Gnome and bandwidthTest Underperforming Desktop Environment


I am still pretty new to CUDA, trying to figure out what kind of application this can be used for. What I would like to do is realtime audio/synthesis under MIDI-control, so I started out studying what kind of timeframe would be possible? Ideally kernels should run for (at most) a millisecond at a time to have reasonably low latencies and leave enough room to have graphics updating as well.

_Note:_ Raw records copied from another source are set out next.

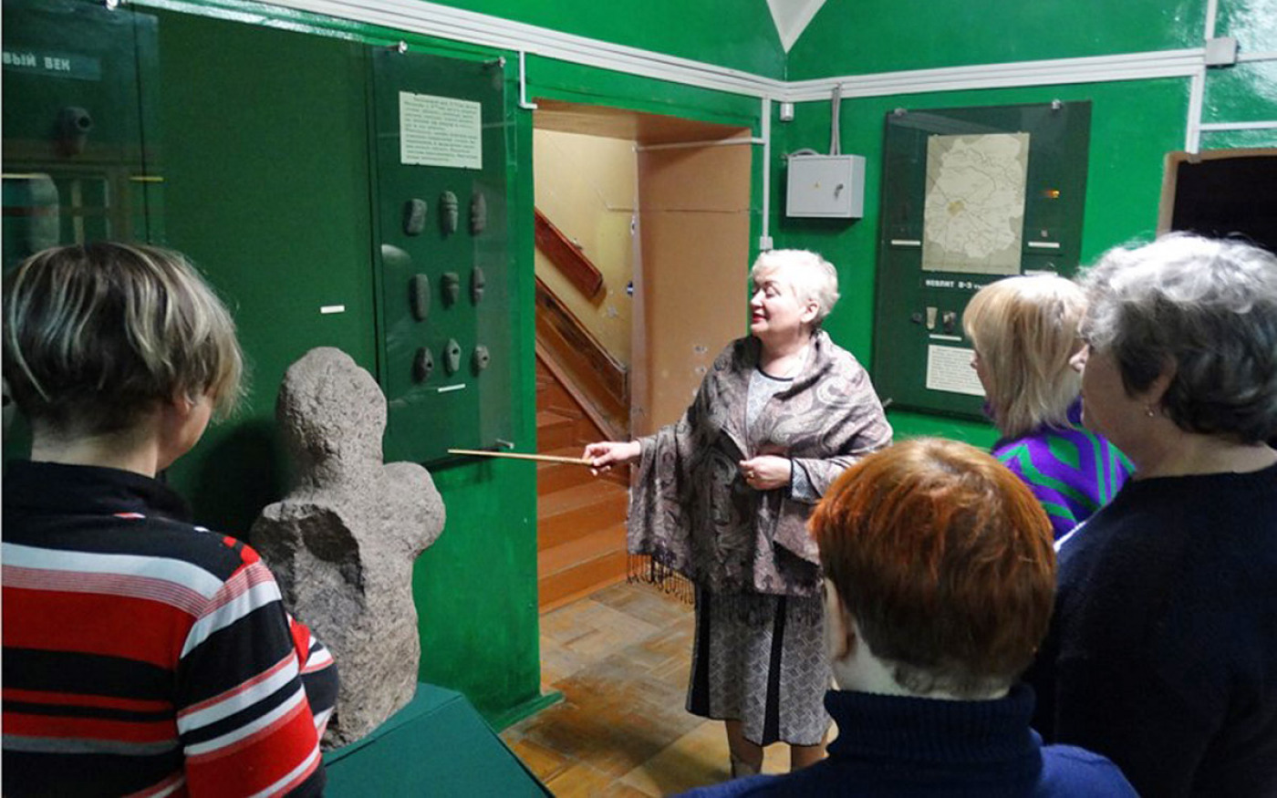 В ноябре этого года Рославльский историко-художественный музей отмечает юбилей – 105 лет открытия для посетителей. В археологическом зале музея экспонируется древнейший памятник дохристианских религиозных верований, который датируется I половиной I тысячелетия до н. э. На сегодняшний день это, практически, единственный уцелевший экспонат из довоенной музейной коллекции, которая была утрачена в период оккупации города немецко-фашистскими войсками в 1941- 1943 гг. Он был обнаружен в 1913 году основателем и первым директором местного музея Природы и истории края С. М. Соколовским, на левом берегу р. Остер, недалеко от деревни Козлово. В 1920 году в составе других коллекций предмет поступил в Рославльский музей. Причудливое каменное изваяние из серого известняка, традиционно трактуемое как «крест», не одно столетие простояло на открытом воздухе и в 1991 г. было помещено в залы современного музея. Этот экспонат как бы соединил в единое целое первую музейную экспозицию с возрожденным послевоенным музеем, поэтому рассказ о нем всегда вызывает интерес у посетителей. К тому же, в фондах Рославльского историко-художественного музея хранится любопытный любительский снимок (датируется приблизительно 1914 годом) из личной коллекции хореографа Центра развития творчества детей и юношества Е.Н. Волковой. На фотографии – рядом с каменным идолом стоят две женщины, одна из которых – Маркова Анна Васильевна, учительница Хорошовской школы. На протяжении ряда лет она ходила до места работы по «хорошовскому большаку» мимо д. Козлово, что находится в 7 км от Рославля. Благодаря этой фотографии, спустя почти столетие мы увидели этот необычный камень в месте его первоначального бытования.
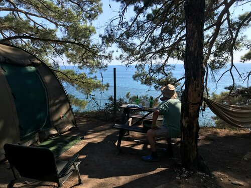 Очень уютный кемпинг! Есть отличные полянки с видом на море. На территории душ и туалет. Всё чистое и ухоженное. Есть магазинчик с необходимыми продуктами. Морозильный шкаф для хладоэлементов. Радушный персонал. Будьте готовы к тому, что навигация и телефоны в том месте не работают!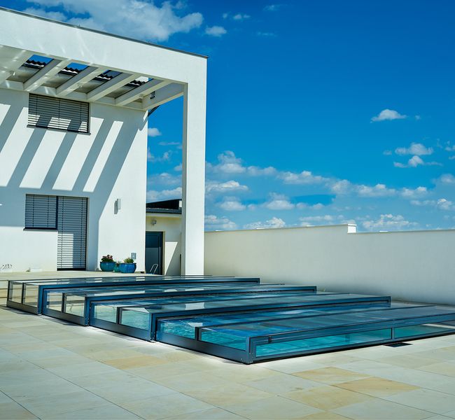 Conzero Superflat Pooluberdachung 4mm Polycarbonat Volltransparent Fur Conzero Rechteckbecken Modernes Flaches Design Poolakademie Der Pool Shop Fur Den Eigenbau Des Heimischen Pools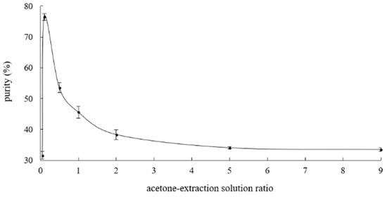 Usually, existing research focused on the investigation of the ratio between acetone or other precipitants to extraction solutions without offering the data of extraction solutions’ concentrations [29,47,48], making it difficult to compare results. A broader range of extraction solution concentrations for acquiring the corresponding optimal values of ratio deserves more attention if it is beneficial to industrial purifications.

At first this didn’t look too good. With a plain vanilla desktop kernel, about 20% of the time was spent on uploading a small fragment of data representative of the keyboard state. Upgrading the kernel to doubled the throughput but most importantly: Jumping out of Gnome then quadrupled the throughput? Modifying the bandwithTest to ask for high priority realtime performance shaved off yet another 20%, so now the test can upload some 10Kbyte of data in just 0.02 milliseconds rather than the original 0.2 milliseconds. That should be good enough, I think …

But what I wonder is: What is up with Gnome? X by itself isn’t degrading performance, nor is a lightweight environment like IceWM.

mvh // Jens M Andreasen
[using a silent 8400GS/g98]

Very interesting post, thanks for sharing.

Regarding the slowdown -
Could it be that your Gnome is using OpenGL to draw windows? This is on by default in some distros nowadays. The setting is in the Appearance control panel IIRC.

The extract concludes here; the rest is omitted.